● Task description:
Leaving out all pictures, write down exactly the lines from the one containing "מצרכים: פרוסות דג" through the last line of the material.

● Collected material:
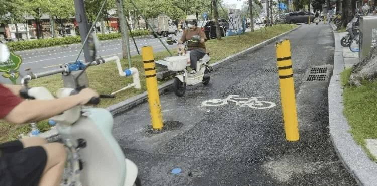 鸿福路口至宏远立交桥非机动车道止车柱相关问题
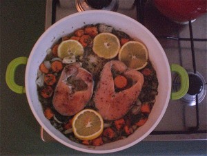 מצרכים: פרוסות דג פילה קפוא או טרי, 2-3 בצל, 4-5 גזר, 1 תפוז
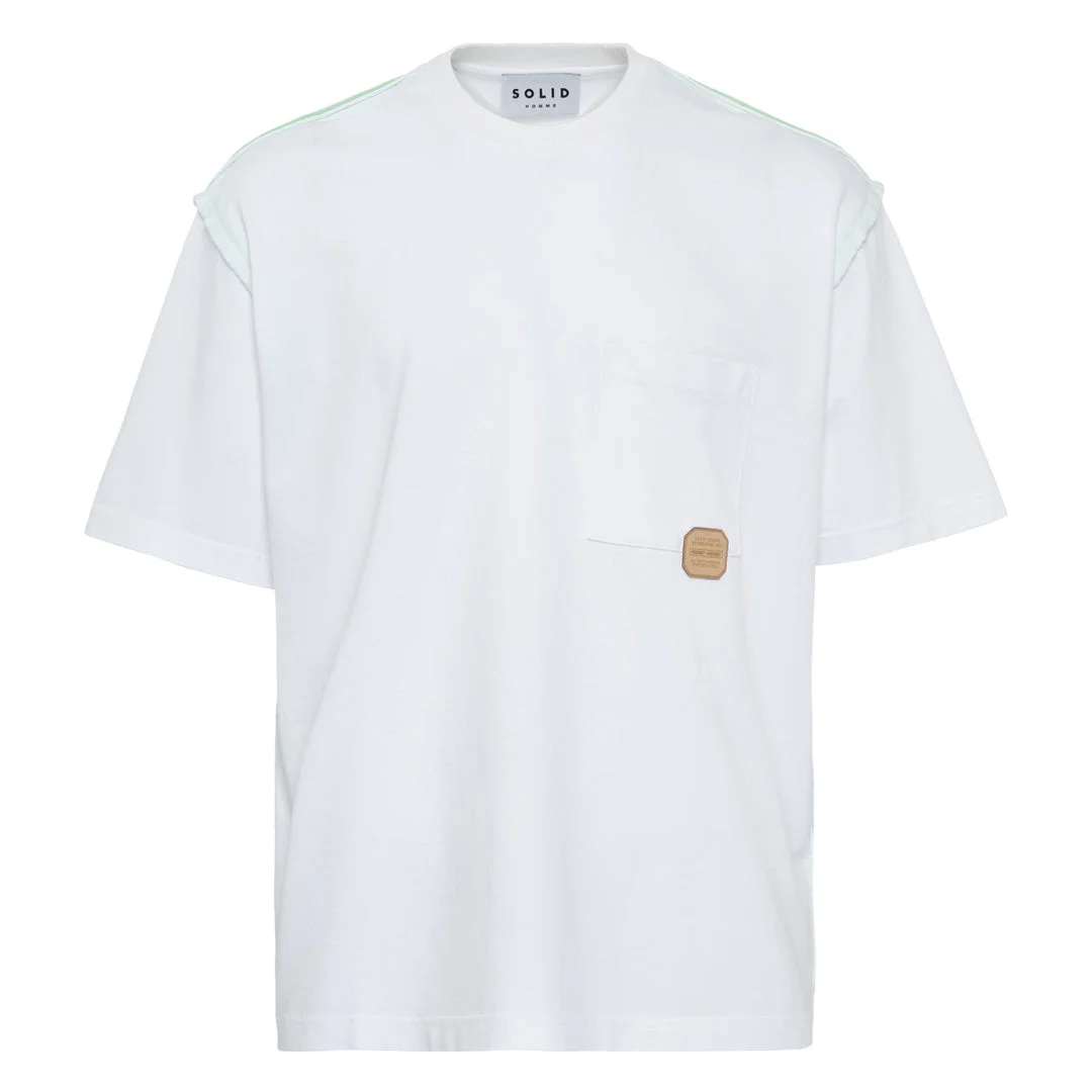 600079121WHT046 / S261TS67/00/312W - Pre-washed cotton construction - Contrasting green shoulder trim - Leather brand patch detail - Short sleeves - Crew neckline - Oversized relaxed fit SOLID HOMME Washed T-Shirt delivers contemporary Korean menswear with relaxed urban styling. Crafted from pre-washed cotton with a soft, lived-in feel and featuring distinctive green shoulder trim detailing. The oversized fit and signature leather brand patch create a modern statement piece for everyday wear.

● Task solution:
 מצרכים: פרוסות דג פילה קפוא או טרי, 2-3 בצל, 4-5 גזר, 1 תפוז
 600079121WHT046 / S261TS67/00/312W - Pre-washed cotton construction - Contrasting green shoulder trim - Leather brand patch detail - Short sleeves - Crew neckline - Oversized relaxed fit SOLID HOMME Washed T-Shirt delivers contemporary Korean menswear with relaxed urban styling. Crafted from pre-washed cotton with a soft, lived-in feel and featuring distinctive green shoulder trim detailing. The oversized fit and signature leather brand patch create a modern statement piece for everyday wear.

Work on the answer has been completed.